PORT ANGELES — Video game monsters and suburban dissonance will invade the stage at Peninsula College tonight through Saturday.
Jennifer Haley’s “Neighborhood 3: Requisition of Doom” will be performed at the Peninsula College’s Little Theater at 1502 E. Lauridsen Blvd., Port Angeles, at 7:30 p.m. today and Saturday, with matinees at 2 p.m. Friday and Saturday.
Admission is $10, with students admitted free with college identification.
The play is set in a suburban subdivision where parents find their teenagers addicted to online horror video games, which are also set in a subdivision with identical houses.
“It is a play that is very topical,” said the play’s director, Peninsula College graduate Andrew Shanks.
“It is a very dark satire on the 1950s suburban nuclear aesthetic and put into a modern context, with technology thrown into the equation,” he said.

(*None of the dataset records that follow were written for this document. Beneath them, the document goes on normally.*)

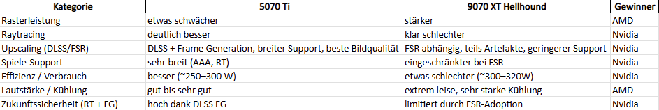 Wenn ich mir Deine Tabelle ansehe, dann sprechen da aus Deiner Sicht 5 Punkte für Nvidia und nur 2 für AMD. Das spricht doch dafür, dass für Dich vll. eine 5070 Ti die bessere Karte wäre. Ob Dir das den Aufpreis wert ist, das musst allein Du entscheiden.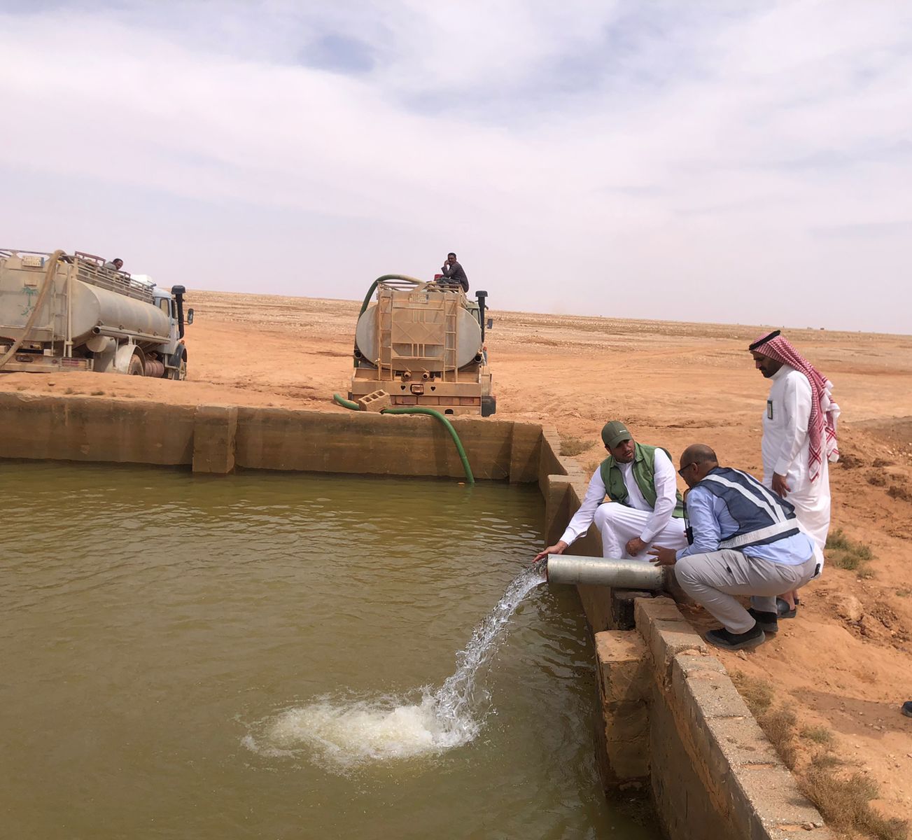 تفقد مدير عام فرع وزارة البيئة والمياه والزراعة بمنطقة الحدود الشمالية المهندس بندر بن صالح الهديه ، اليوم السبت 1445/10/18هـ بئر ومورد طايلة وقعساء بمركز حزم الجلاميد.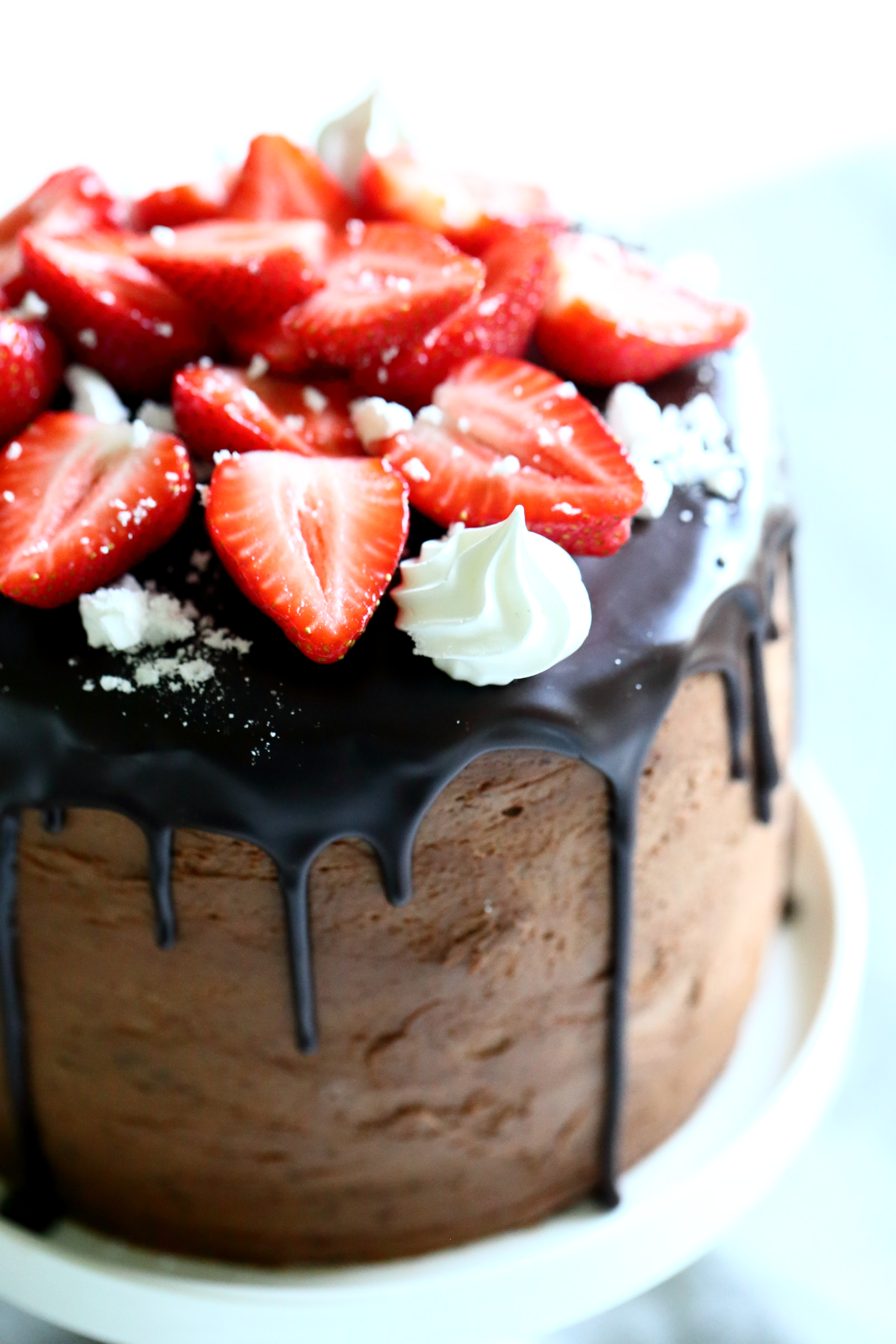 Tee vielä suklaaganache. Pilko tumma suklaa mikron kestävään kulhoon ja mittaa joukkoon myös vispikerma. Lämmitä mikrossa, kunnes kaikki suklaa on sulanut. Sekoita joukkoon vielä glukoosisiirappi. Jäähdytä suklaaseosta, kunnes se hieman paksenee, mutta pysyy edelleen sen verran juoksevana, että se levittyy kauniisti. Kaada suklaaganache kakun päälle, levitä sitä varovasti tasaiseksi ja anna samalla valua ohuina noroina reunoilta alas. Laita kakku jääkaappiin hyytymään.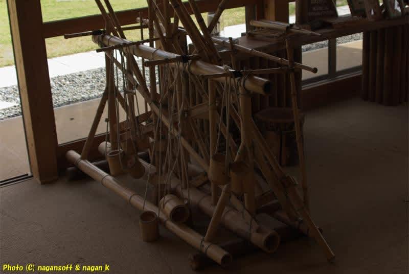 私が小さいころに遊んでいたミカンの空き缶に紐付けて缶下駄というていたやつ。それの竹バージョンです。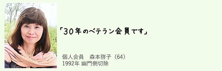 33歳の出産直後に胃がんがわかり、胃の3分の2を切除しました。ダンピングの後遺症、育児や精神的な不安に悩まされたときにアルファ・クラブを紹介され、以来30年の”ベテラン会員”です。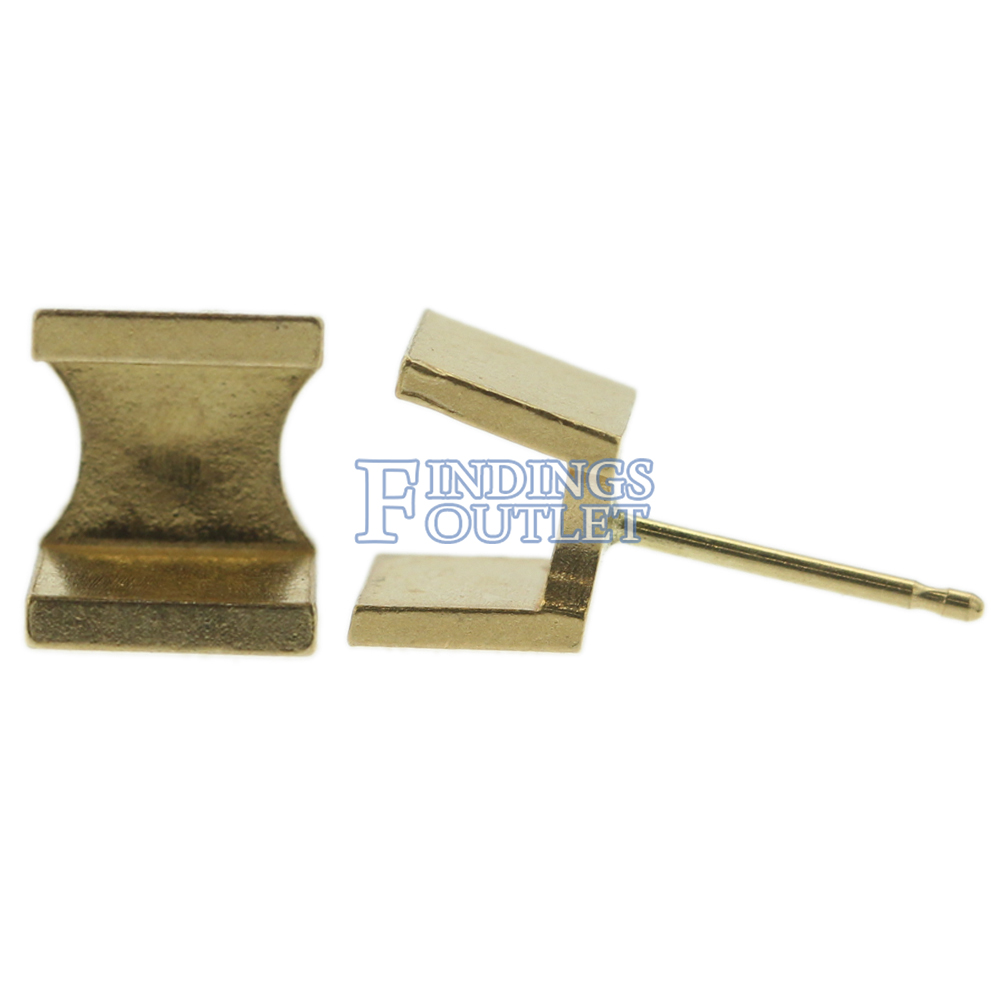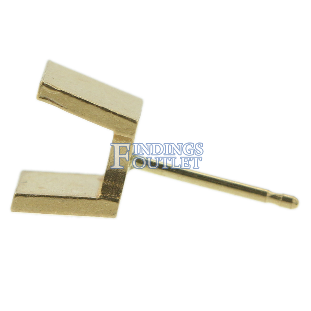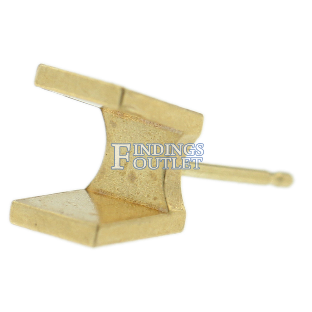 14k Yellow Gold Round Princess Stud Earring Mounting Setting Push Back Post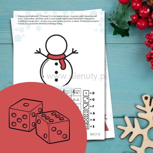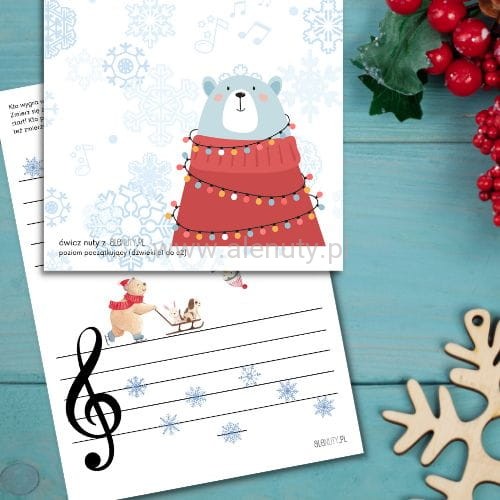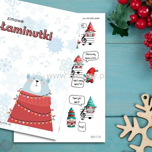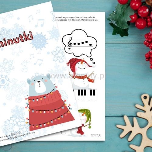 Zimowe Łaminutki - arkusze z ćwiczeniami muzycznymi dla dzieci - poziom początkujący dźwięki c1 do c2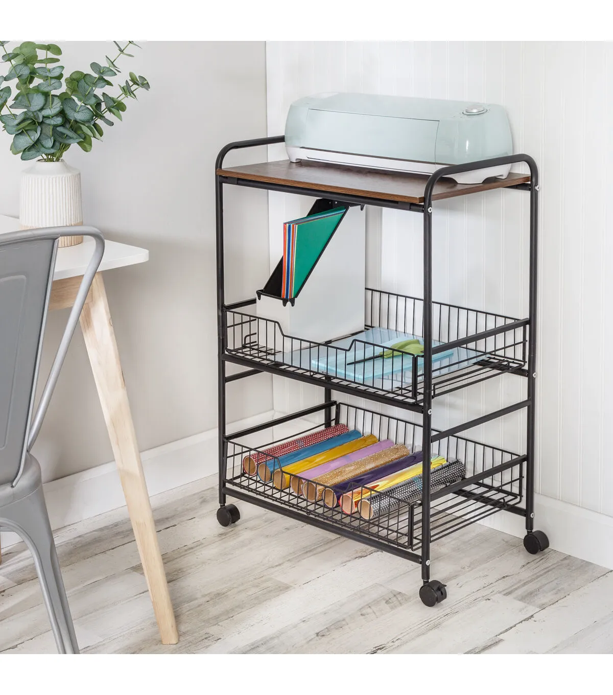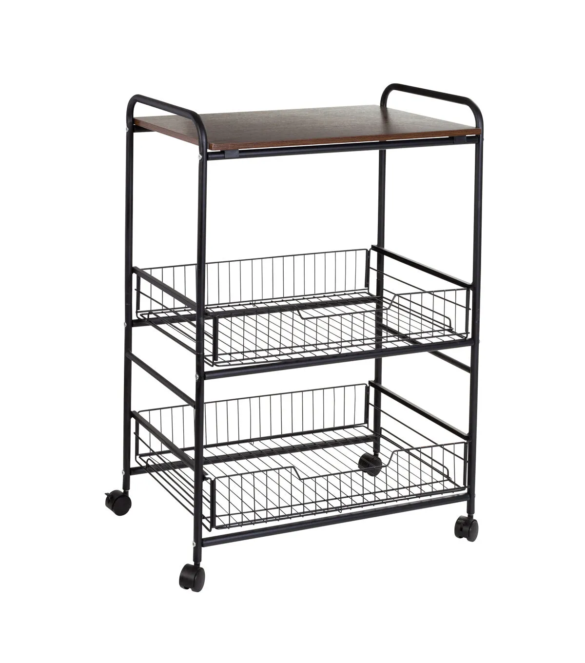 Whether used as a microwave stand or a farmhouse rolling cart, this 3-tier cart is crafted to organize your home in style! The top shelf finished in a warm natural tone can hold everything from plants to art supplies, while the pull-out baskets are ready to organize your clutter. The wire baskets will keep everything corralled while this cart is on the go. Once stationary, the open design and slide-out function allow you to see exactly what you have on hand and easily access it. Its simple wood and metal build offer a timeless feel that transcends trends, while its durability offers endless years of organization.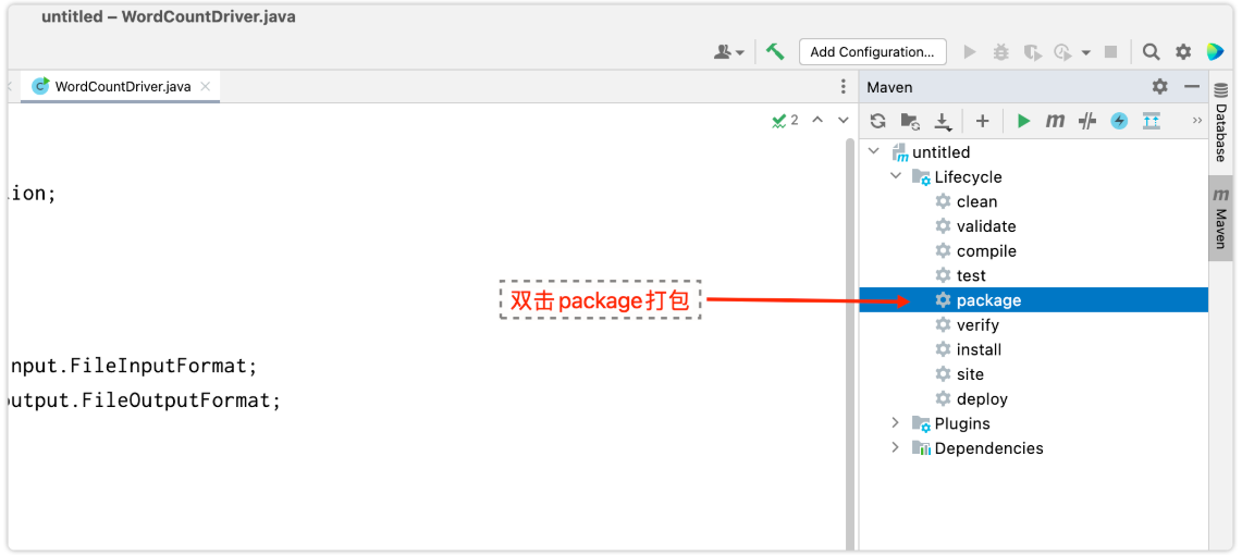 7.6 定义Driver类 1 2 3 4 5 6 7 8 9 10 11 12 13 14 15 16 17 18 19 20 21 22 23 24 25 26 27 28 29 30 31 32 33 34 35 36 37 38 39 40 41 42 43 44 45 46 47 48 package wc;import org.apache.hadoop.conf.Configuration;import org.apache.hadoop.fs.Path;import org.apache.hadoop.io.IntWritable;import org.apache.hadoop.io.Text;import org.apache.hadoop.mapreduce.Job;import org.apache.hadoop.mapreduce.lib.input.FileInputFormat;import org.apache.hadoop.mapreduce.lib.output.FileOutputFormat;import java.io.IOException;public class WordCountDriver { public static void main (String[] args) throws IOException, InterruptedException, ClassNotFoundException { Configuration conf = new Configuration (); conf.set("fs.defaultFS" , "hdfs://192.168.10.101:9820" ); Job job = Job.getInstance(conf); job.setMapperClass(WordCountMapper.class); job.setReducerClass(WordCountReducer.class); job.setJarByClass(WordCountDriver.class); job.setOutputKeyClass(Text.class); job.setOutputValueClass(IntWritable.class); FileInputFormat.setInputPaths(job, new Path (args[0 ])); FileOutputFormat.setOutputPath(job, new Path (args[1 ])); System.exit(job.waitForCompletion(true ) ? 0 : -1 ); } }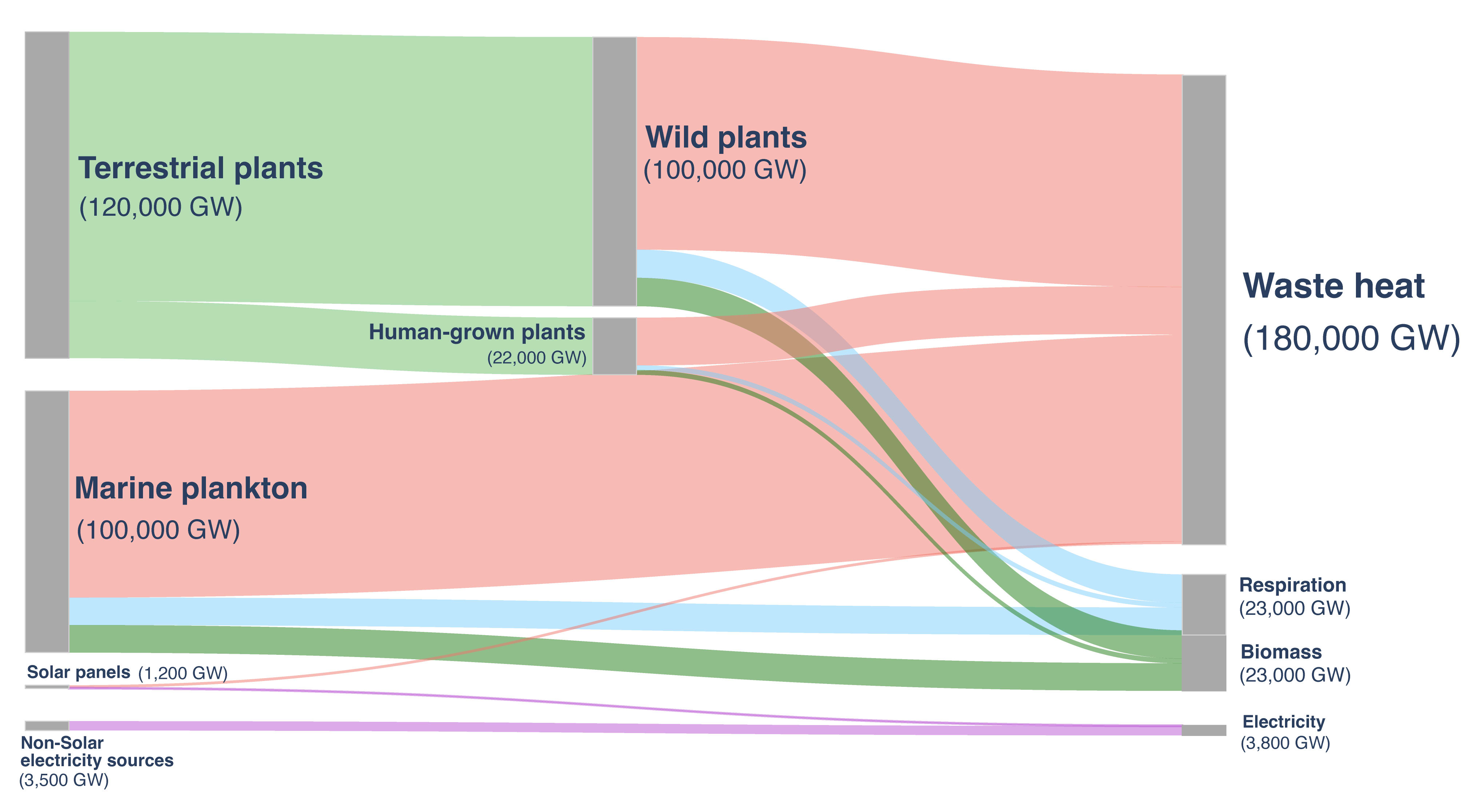Solar power generation is relatively easy to account for. The Energy Institute’s 2025 Statistical Review of World Energy estimates that humanity’s solar industry currently soaks up sunlight at a rate of approximately 1,200 gigawatts (GW), of which about 240 GW is usefully converted to electricity. If we were to expand our solar capacity to match current global electricity demand at the same conversion efficiency, that absorption would balloon to about 18,000 GW.
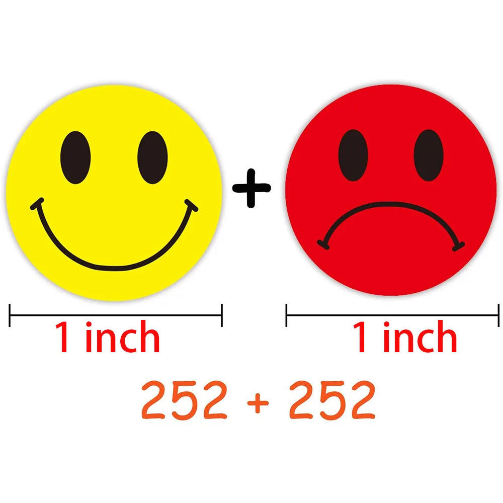 Наклейки с желтым смайликом и красным грустным смайликом, наклейки для учителя, 1 дюйм, круглые точки, 500 этикеток в рулоне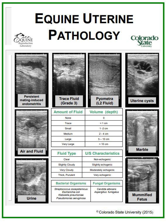 Ultrasound images of uterine abnormalities in the mare along with descriptions of uterine fluid volume and echogenicity characteristics.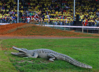 Bonecos em forma de bichos fizeram parte da cenografia da pista |

Shank said that, though video games are used to tell the story, the play isn’t essentially about them.
Dark satire
“It is about the miscommunication of families, and it is about technology widening the gap between generations, between friends and strangers and the closest family members,” he said.
The message of the play is the reason he selected it for his debut as a director, he said.
“I’m not being a naturalist, saying that we should throw our cell phones in a pile and light them on fire and go live in a log cabin,” he said.
“I just think we should take a step back and see how addicted we are to technology in general and just talk to each other every once in awhile.”
Shanks said he took a risk with the show by staging it differently than any other he has seen: Instead of sitting in the audience chairs, the attendees will be seated onstage with the actors.
“They will be able to hear us breathe, cry, move,” he said.
Shanks said the play contains mature themes and content and is aimed at an adult audience.
The production stars Gwendolynn Barbee-Yow, Quinton Chastain, John Manno, Amy Meyer, Zachery Moorman, Jeremiah Paulsen, Sean Peck-Collier, Colby Thomas, Apryl Weikel and Corinne Wright.
Stage managers are Carolyn and Crystal Keene. Fight choreography was done by Tyson Dailey and original music by Jake Hanna. Costumes were designed by Richard Stephens, who is also an advertising salesman for the Peninsula Daily News.